Re: [PATCH] arch/x86/events/amd/core.c: Return -ENODEV when CPU does not have PERFCTL_CORE bit
From: Sandipan Das
Date: Wed Nov 23 2022 - 00:42:10 EST
On 11/14/2022 4:22 PM, Sandipan Das wrote:
> On 11/13/2022 4:03 AM, Liang Yan wrote:
>>
>> On 10/31/22 10:28, Sandipan Das wrote:
>>> Hi Liang, Peter,
>>>
>>> On 10/31/2022 6:29 PM, Peter Zijlstra wrote:
>>>> On Thu, Oct 27, 2022 at 09:35:11AM -0400, Liang Yan wrote:
>>>>> After disabling cpu.perfctr_core in qemu, I noticed that the guest kernel
>>>>> still loads the pmu driver while the cpuid does not have perfctl_core.
>>>>>
>>>>> The test is running on an EPYC Rome machine.
>>>>> root@ubuntu-s-4vcpu-8gb-amd-nyc1-01:~# lscpu | grep perfctl
>>>>> root@ubuntu-s-4vcpu-8gb-amd-nyc1-01:~#
>>>>> root@ubuntu-s-4vcpu-8gb-amd-nyc1-01:~# dmesg | grep PMU
>>>>> [ 0.732097] Performance Events: AMD PMU driver.
>>>>>
>>>>> By further looking,
>>>>>
>>>>> ==> init_hw_perf_events
>>>>> ==> amd_pmu_init
>>>>> ==> amd_core_pmu_init
>>>>> ==>
>>>>> if (!boot_cpu_has(X86_FEATURE_PERFCTR_CORE))
>>>>> return 0;
>>>>>
>>>>> With returning 0, it will bypass amd_pmu_init and return 0 to
>>>>> init_hw_perf_events, and continue the initialization.
>>>>>
>>>>> I am not a perf expert and not sure if it is expected for AMD PMU,
>>>>> otherwise, it would be nice to return -ENODEV instead.
>>>>>
>>>>> New output after the change:
>>>>> root@ubuntu-s-4vcpu-8gb-amd-nyc1-01:~# dmesg | grep PMU
>>>>> [ 0.531609] Performance Events: no PMU driver, software events only.
>>>>>
>>>>> Signed-off-by: Liang Yan <lyan@xxxxxxxxxxxxxxx>
>>>> Looks about right, Ravi?
>>>>
>>>>> ---
>>>>> arch/x86/events/amd/core.c | 2 +-
>>>>> 1 file changed, 1 insertion(+), 1 deletion(-)
>>>>>
>>>>> diff --git a/arch/x86/events/amd/core.c b/arch/x86/events/amd/core.c
>>>>> index 8b70237c33f7..34d3d2944020 100644
>>>>> --- a/arch/x86/events/amd/core.c
>>>>> +++ b/arch/x86/events/amd/core.c
>>>>> @@ -1335,7 +1335,7 @@ static int __init amd_core_pmu_init(void)
>>>>> int i;
>>>>> if (!boot_cpu_has(X86_FEATURE_PERFCTR_CORE))
>>>>> - return 0;
>>>>> + return -ENODEV;
>>>>>
>>> There are four legacy counters that are always available even when PERFCTR_CORE
>>> is absent.
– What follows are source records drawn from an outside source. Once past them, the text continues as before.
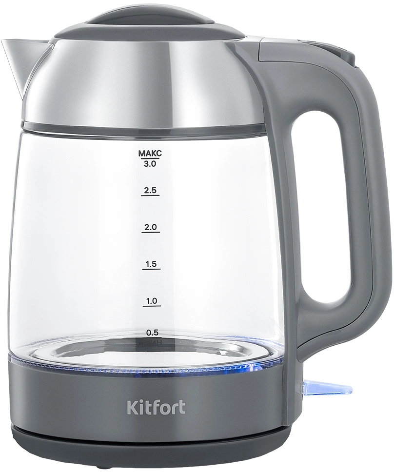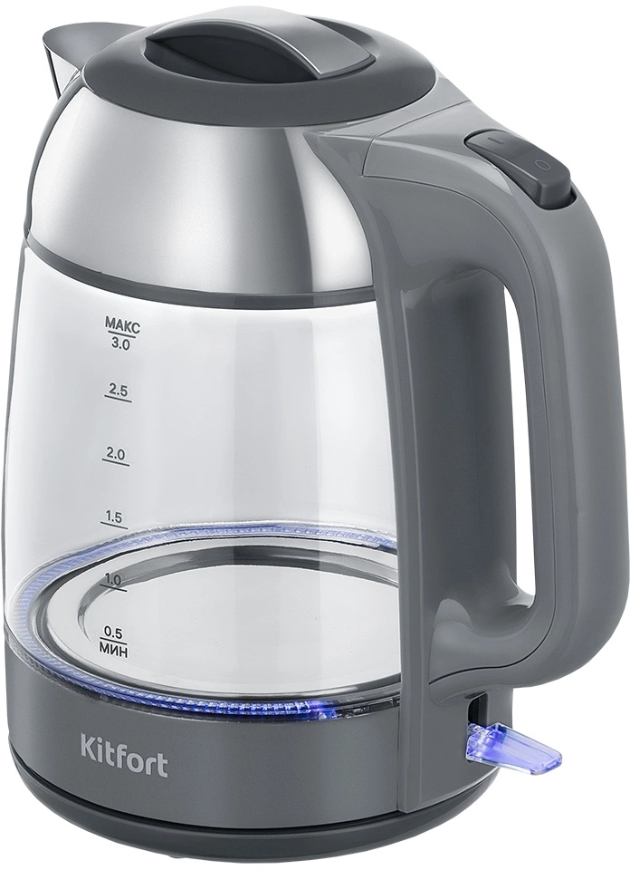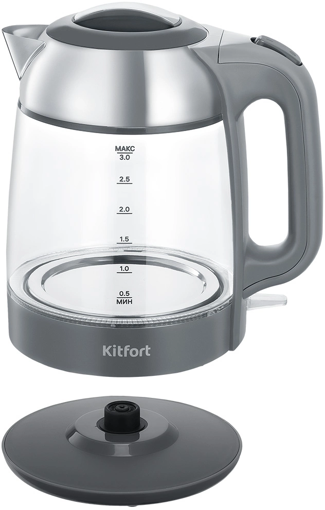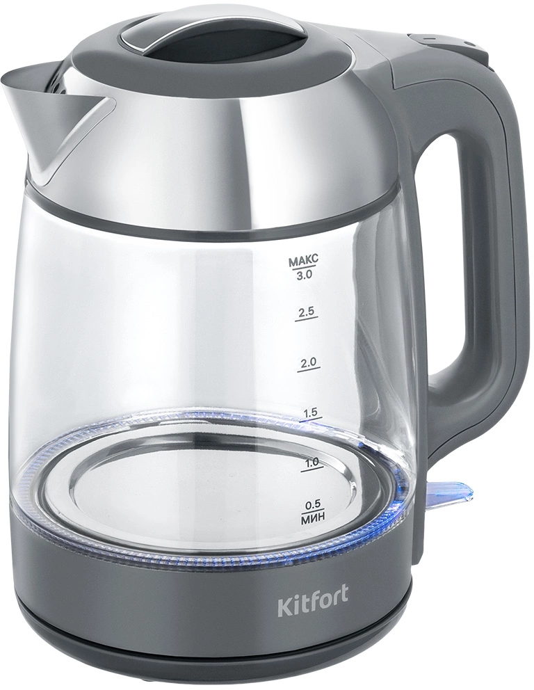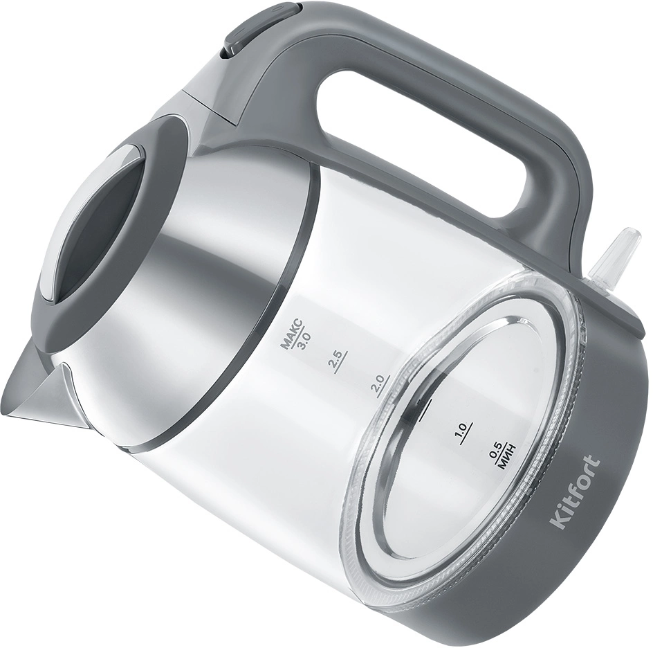 Чайник электрический Kitfort КТ-6762 3л. 2000Вт серый/серебристый корпус: стекло/металл/пластик
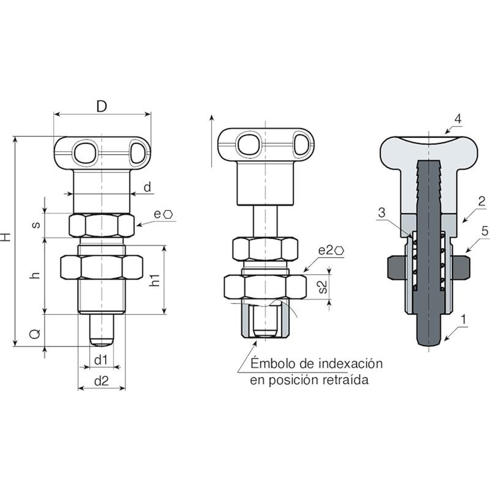 (1) Perno émbolo de indexación de acero inoxidable (AISI 303).
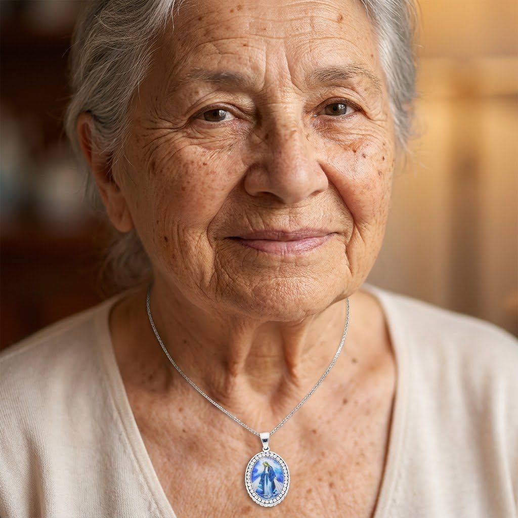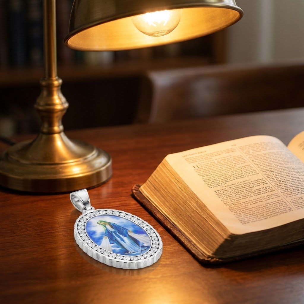 Motiv Panny Marie přináší duchovní hodnoty a ochranu, což dělá šperk zvláštním. Precizní zpracování
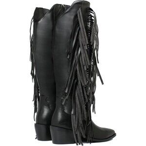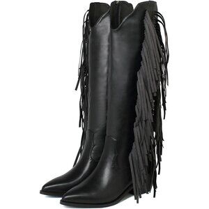 Women Black Synthetic Fringe Tassels Pointed Toe Knee High Western Cowgirl Boots
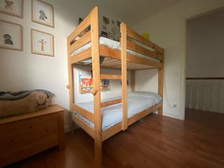 Litera de madera con cama de matrimonio abajo y cama individual arriba. Incluye escalera lateral. - Estructura robusta de madera. - Posibilidad de hacerse 2 camas independientes (una de 1,35 y otra de 0,90). * Se entrega desmontada con las instrucciones de montaje. Precio original: 459€ Año de compra: 2024
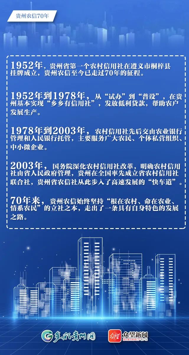 农业强则国家强,农村兴则国家兴。农村金融是农村经济的核心。70年来,贵州农信坚持因农而生、以农为本,立足市场定位,以改革促发展,主动担当作为,有效发挥了金融支农主力军作用,为社会主义新农村建设和贵州省经济社会发展作出了积极贡献。

This is why the code returns 0 here. I found this to be a bit confusing
>>> as well during PerfMonV2 development so I wrote the following patch but forgot to
>>> send it out.
>>
>>
>> Hi Sandipan,
>>
>> Thanks for the classification.
>> Do these legacy counters belong to the AMD PMU property from a VM perspective? I mean, if I want to disable PMU for an AMD vcpu for some reason, is it possible to disable perfctr_core and the four counters, or is this not logical since the four counters could not be disabled from the bare-metal level?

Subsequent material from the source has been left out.